Situation
Oil spills pose significant threats to our ecosystems and unfortunately, they are a frequent and damaging occurrence in the ports and small waterways of the Netherlands. These spills demand prompt and efficient action to mitigate environmental harm.
‘AI for good’, an initiative organised by Fruitpunch AI, has been exploring the potential for using AI for environmental good.
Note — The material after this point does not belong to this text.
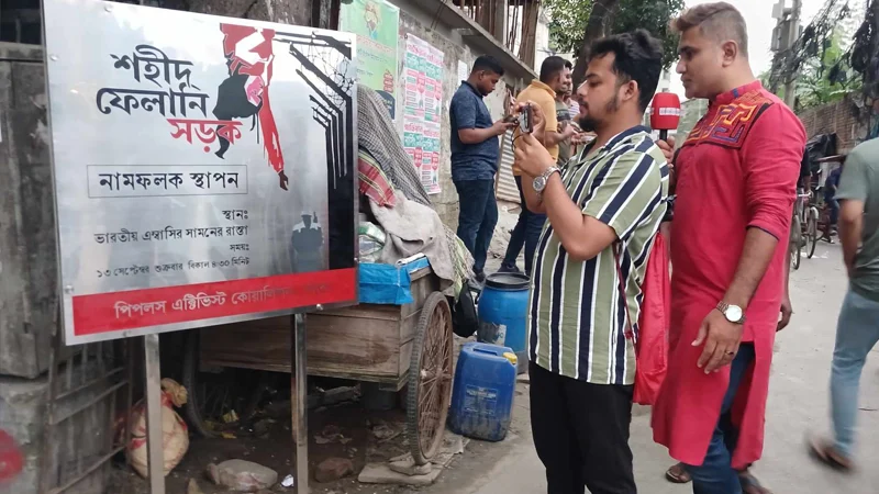 পুলিশি বাধা উপেক্ষা করে ভারতীয় দূতাবাসের সামনে ‘শহিদ ফেলানি সড়কের’ নামফলক স্থাপন

This includes a collaborated project with Rijkswaterstaat, a Dutch government organisation responsible for water management, to understand how AI can help identify, manage and resolve oil spills in Dutch ports.
Currently, Rijkswaterstaat deploys drone teams to capture aerial images of spills, which experts manually inspect to estimate the spill’s volume—a critical step in determining the appropriate clean-up strategy. While this method is reliable, it is time consuming. Spills on inland waterways can often be quickly managed using auxiliary information, but spills at sea require full area segmentation and can take several hours to calculate the spill volume. These delays highlight the need for faster, more efficient solutions.
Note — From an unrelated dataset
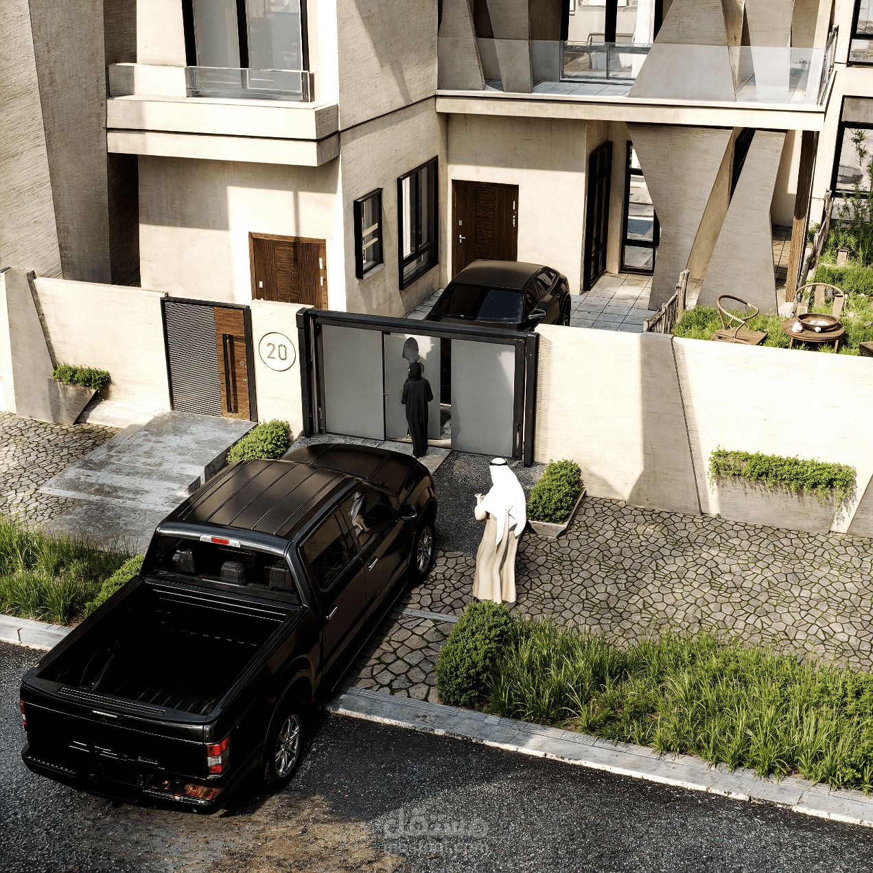 يعكس التصميم فلسفة الحداثة الجريئة التي توازن بين الخصوصية العالية والانفتاح البصري المدروس، مما يخلق هوية معمارية فريدة تتسم بالفخامة والوقار.

In response to this challenge, Valcon fielded a team of data experts to participate in the ‘AI against oil spills’ project aimed at accelerating the oil spill response process.
Approach
Valcon proposed a solution to significantly reduce the time required for spill volume calculations. Our goal was to develop an AI-driven solution that could automate the manual inspection of drone images.
Valcon followed a three-step approach. The first was data preparation and preparing the aerial image data for training – the data set presented challenges including incomplete labelling, so the images were processed and edited to enhance oil visibility and manually re-labelled the oil spills.
The second was to train several AI models for image segmentation and build a model to detect and outline oil spills. The third was spill volume estimation and developing a method to estimate spill volume based on image metadata and the type of oil being spilled. Altogether, when a new drone image is fed into the built model, the AI draws boundaries around the detected oil spill, which combines with the additional information of oil spill type to estimate the spill volume.
Results
Faster spill volume estimation: Valcon devised a method to estimate the volume of the oil spills from drone images within a few minutes. This serve as a timely and helpful resource for Rijkswaterstaat in implementing a targeted cleanup response.
Improving data quality: Valcon identified improvements to drone image collection that could boost the AI’s accuracy. For example, we ensured that the shoreline comprises approximately 30% of the frame of each image to serve as reference points. We provided these insights to the drone team, who could immediately apply them in the field.
Detection accuracy: although the model’s detection accuracy is currently around 70% and there is a room for improvement, it can still provide useful input for experts, helping them make quicker decisions and potentially shortening the overall time spent on oil spill inspections.